Action item: Look for the line containing "揭陽市醫(yī)學會會長、揭" and the line containing "김영철 회장(오른쪽)이 후원행사에" in the entries below. Copy those two and all lines between them exactly, leaving out pictures.

Supplied information:
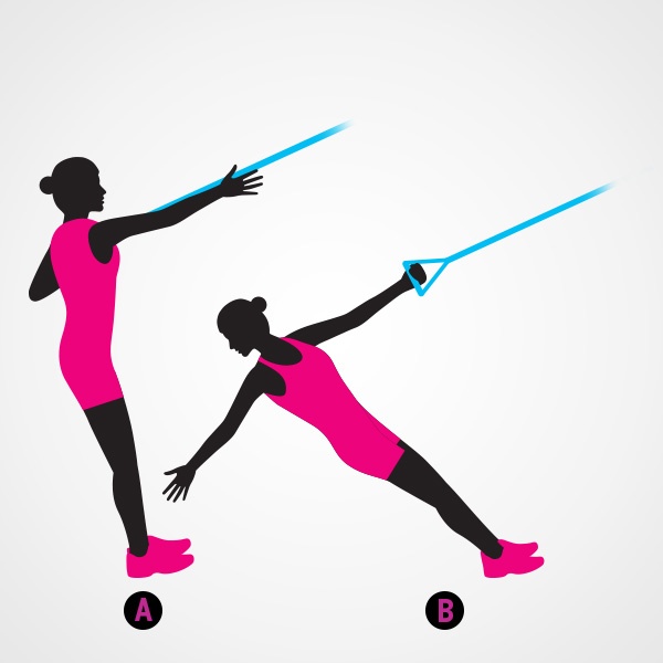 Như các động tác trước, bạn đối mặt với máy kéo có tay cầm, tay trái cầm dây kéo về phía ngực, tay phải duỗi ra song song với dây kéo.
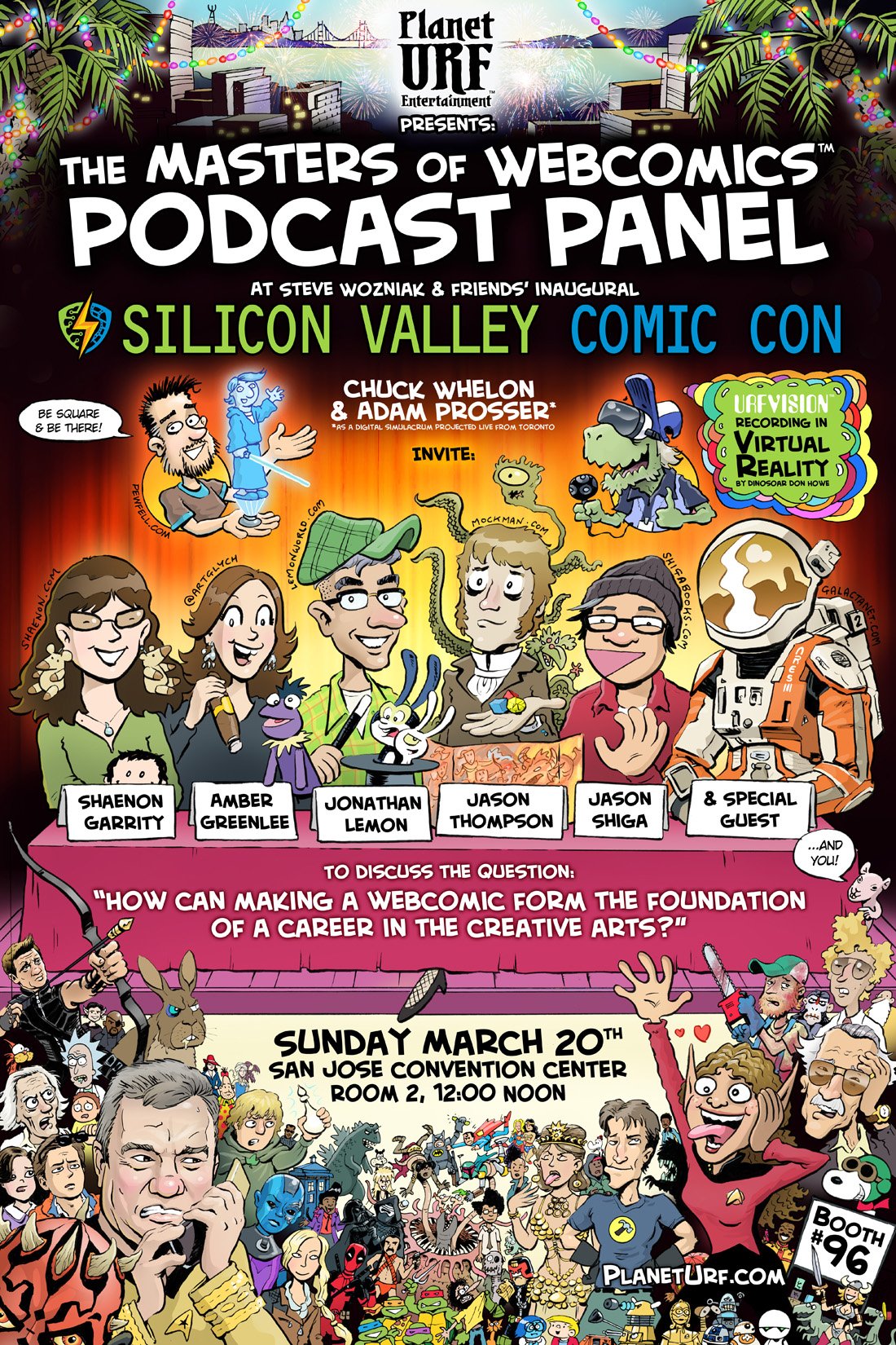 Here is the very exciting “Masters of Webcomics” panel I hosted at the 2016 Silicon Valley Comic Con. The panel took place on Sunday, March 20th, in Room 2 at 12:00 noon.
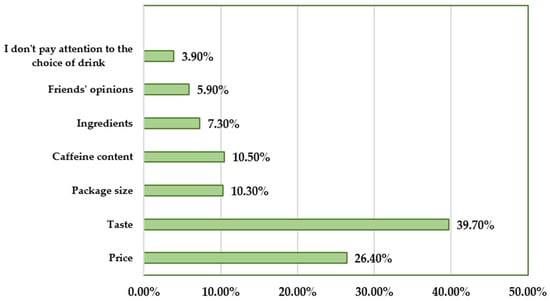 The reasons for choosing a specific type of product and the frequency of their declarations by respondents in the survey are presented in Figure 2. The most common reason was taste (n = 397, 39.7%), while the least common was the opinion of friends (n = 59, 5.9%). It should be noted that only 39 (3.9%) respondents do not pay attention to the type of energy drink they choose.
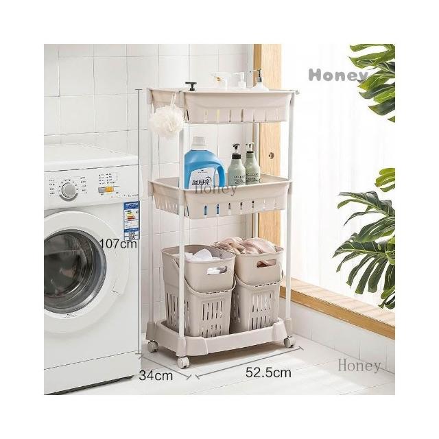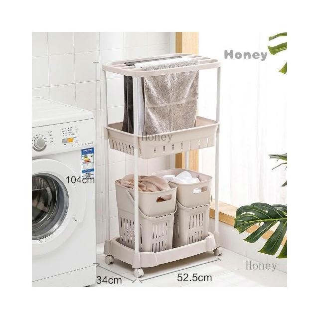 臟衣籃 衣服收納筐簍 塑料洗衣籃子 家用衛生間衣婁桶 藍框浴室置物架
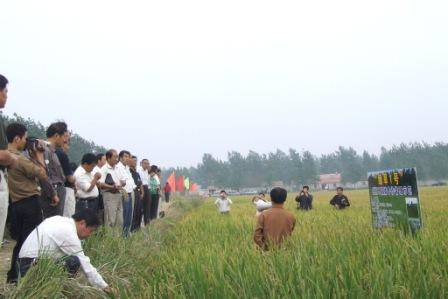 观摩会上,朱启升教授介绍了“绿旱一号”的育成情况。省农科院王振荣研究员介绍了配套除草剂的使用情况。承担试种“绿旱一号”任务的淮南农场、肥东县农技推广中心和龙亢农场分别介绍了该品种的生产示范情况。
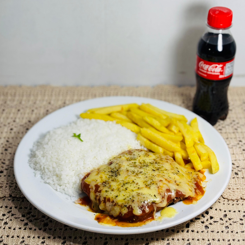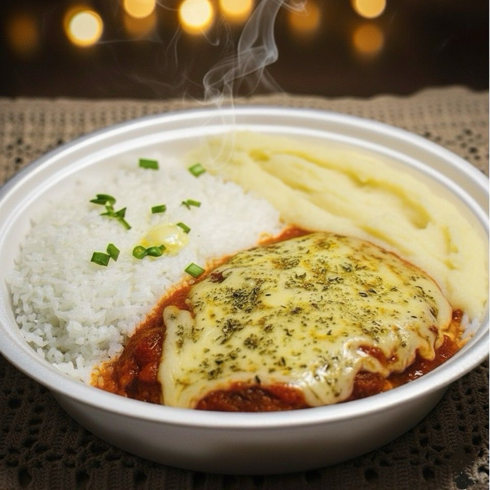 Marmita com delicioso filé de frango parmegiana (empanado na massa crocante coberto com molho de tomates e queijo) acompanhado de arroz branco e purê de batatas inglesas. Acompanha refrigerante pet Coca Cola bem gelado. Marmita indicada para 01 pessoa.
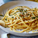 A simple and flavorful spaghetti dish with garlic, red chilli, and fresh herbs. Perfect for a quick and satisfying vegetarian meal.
--
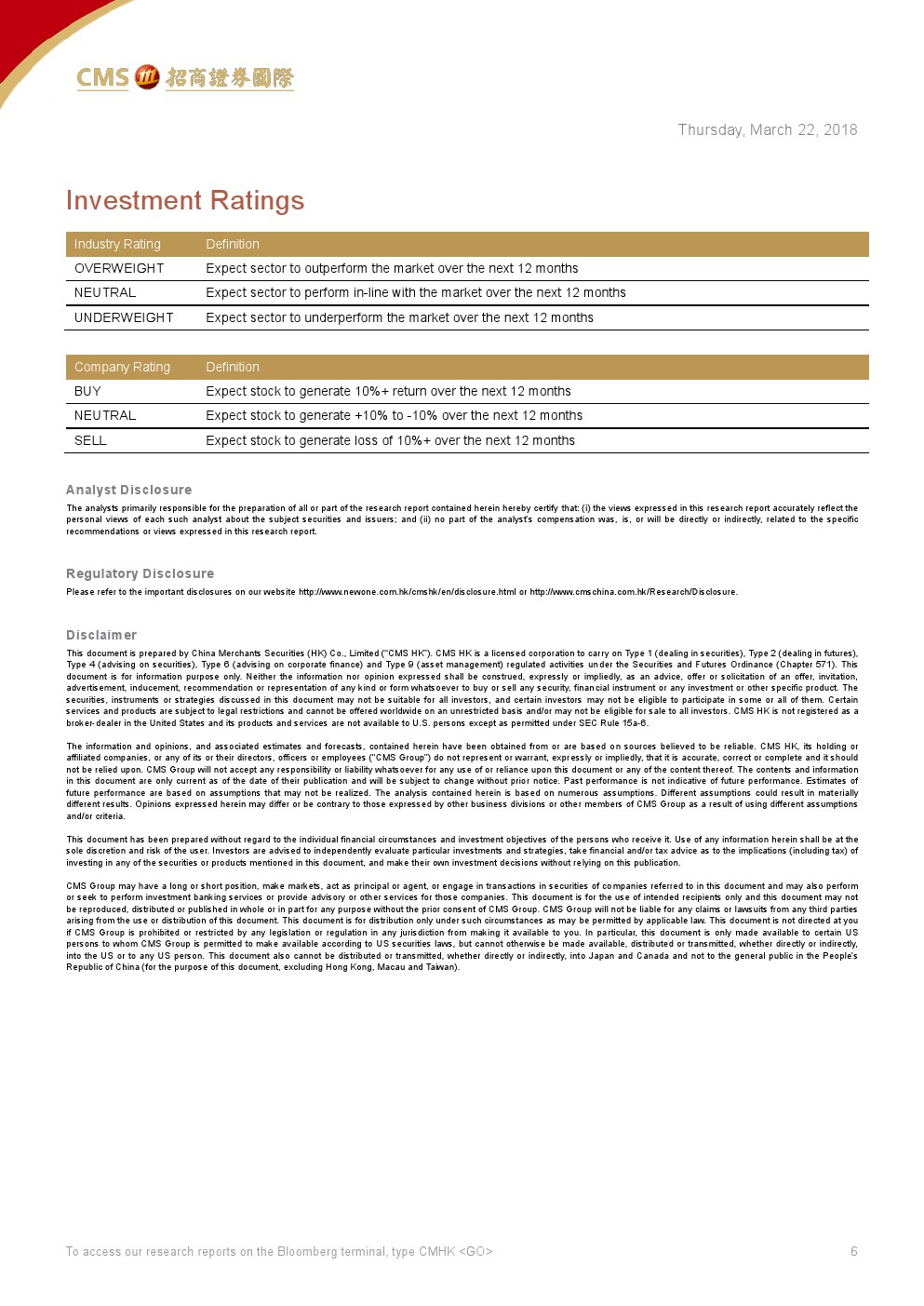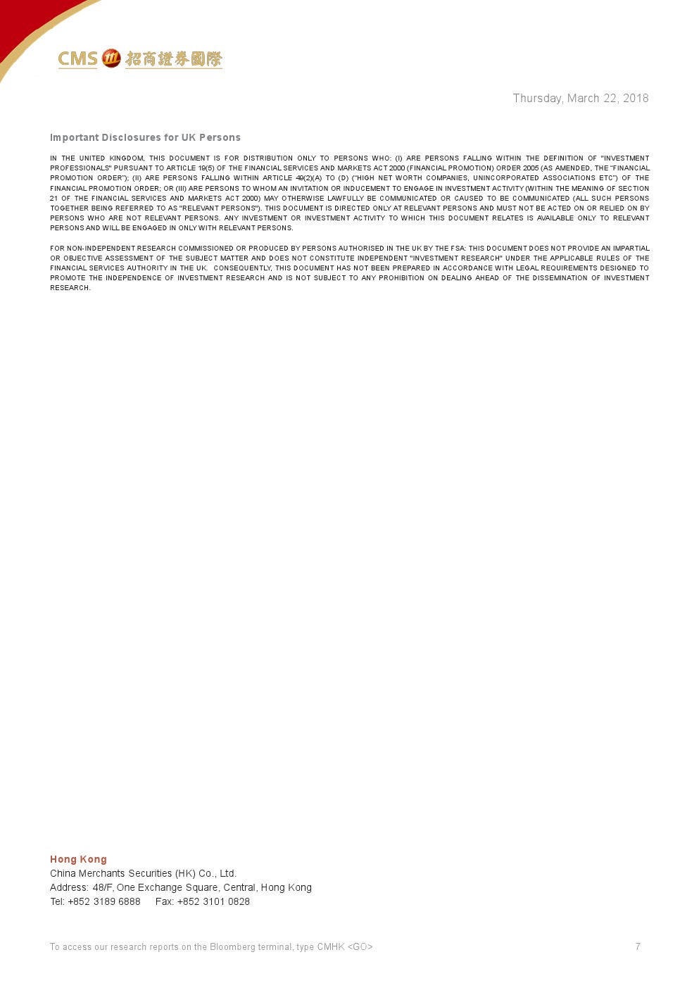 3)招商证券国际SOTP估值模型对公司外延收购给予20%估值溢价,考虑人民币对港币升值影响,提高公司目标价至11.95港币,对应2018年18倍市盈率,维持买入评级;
...
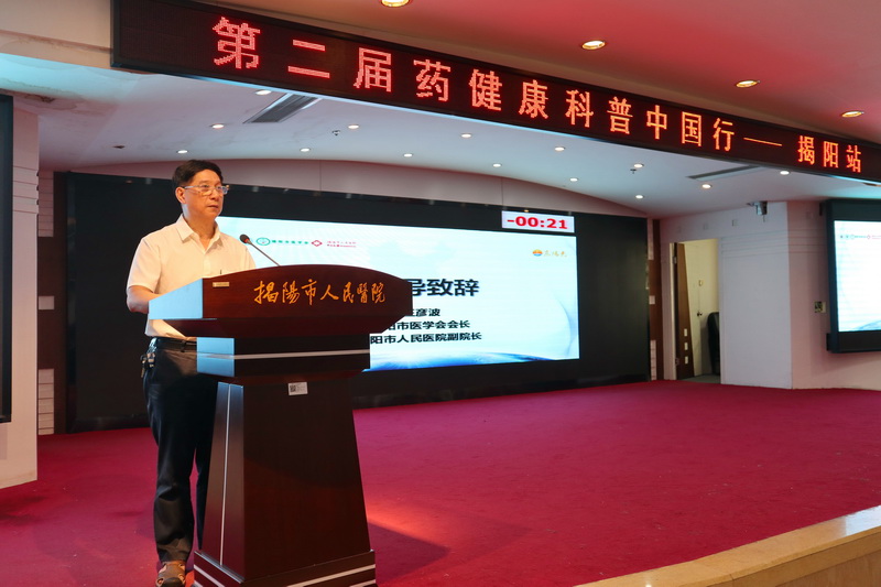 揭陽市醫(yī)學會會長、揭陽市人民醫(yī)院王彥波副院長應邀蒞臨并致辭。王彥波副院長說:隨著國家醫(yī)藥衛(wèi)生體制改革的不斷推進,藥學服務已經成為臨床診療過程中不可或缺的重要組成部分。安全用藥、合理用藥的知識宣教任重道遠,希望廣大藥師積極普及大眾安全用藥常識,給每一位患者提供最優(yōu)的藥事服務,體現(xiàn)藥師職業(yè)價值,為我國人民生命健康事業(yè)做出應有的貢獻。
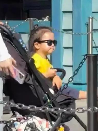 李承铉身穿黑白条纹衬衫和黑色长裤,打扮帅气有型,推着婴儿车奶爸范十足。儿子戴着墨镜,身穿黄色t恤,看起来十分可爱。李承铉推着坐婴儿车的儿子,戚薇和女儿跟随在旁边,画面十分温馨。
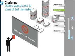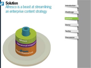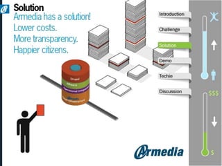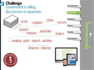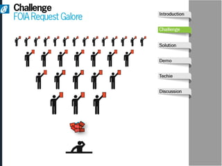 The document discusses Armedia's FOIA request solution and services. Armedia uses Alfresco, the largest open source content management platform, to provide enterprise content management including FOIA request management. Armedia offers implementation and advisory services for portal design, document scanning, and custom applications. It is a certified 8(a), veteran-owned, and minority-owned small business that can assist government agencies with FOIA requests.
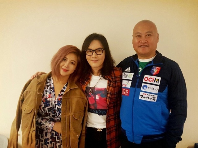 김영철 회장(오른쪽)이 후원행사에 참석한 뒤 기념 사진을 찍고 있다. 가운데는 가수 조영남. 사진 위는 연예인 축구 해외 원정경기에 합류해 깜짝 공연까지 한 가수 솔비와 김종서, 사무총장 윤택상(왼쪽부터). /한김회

Exercise output:
 揭陽市醫(yī)學會會長、揭陽市人民醫(yī)院王彥波副院長應邀蒞臨并致辭。王彥波副院長說:隨著國家醫(yī)藥衛(wèi)生體制改革的不斷推進,藥學服務已經成為臨床診療過程中不可或缺的重要組成部分。安全用藥、合理用藥的知識宣教任重道遠,希望廣大藥師積極普及大眾安全用藥常識,給每一位患者提供最優(yōu)的藥事服務,體現(xiàn)藥師職業(yè)價值,為我國人民生命健康事業(yè)做出應有的貢獻。
 李承铉身穿黑白条纹衬衫和黑色长裤,打扮帅气有型,推着婴儿车奶爸范十足。儿子戴着墨镜,身穿黄色t恤,看起来十分可爱。李承铉推着坐婴儿车的儿子,戚薇和女儿跟随在旁边,画面十分温馨。
 The document discusses Armedia's FOIA request solution and services. Armedia uses Alfresco, the largest open source content management platform, to provide enterprise content management including FOIA request management. Armedia offers implementation and advisory services for portal design, document scanning, and custom applications. It is a certified 8(a), veteran-owned, and minority-owned small business that can assist government agencies with FOIA requests.
 김영철 회장(오른쪽)이 후원행사에 참석한 뒤 기념 사진을 찍고 있다. 가운데는 가수 조영남. 사진 위는 연예인 축구 해외 원정경기에 합류해 깜짝 공연까지 한 가수 솔비와 김종서, 사무총장 윤택상(왼쪽부터). /한김회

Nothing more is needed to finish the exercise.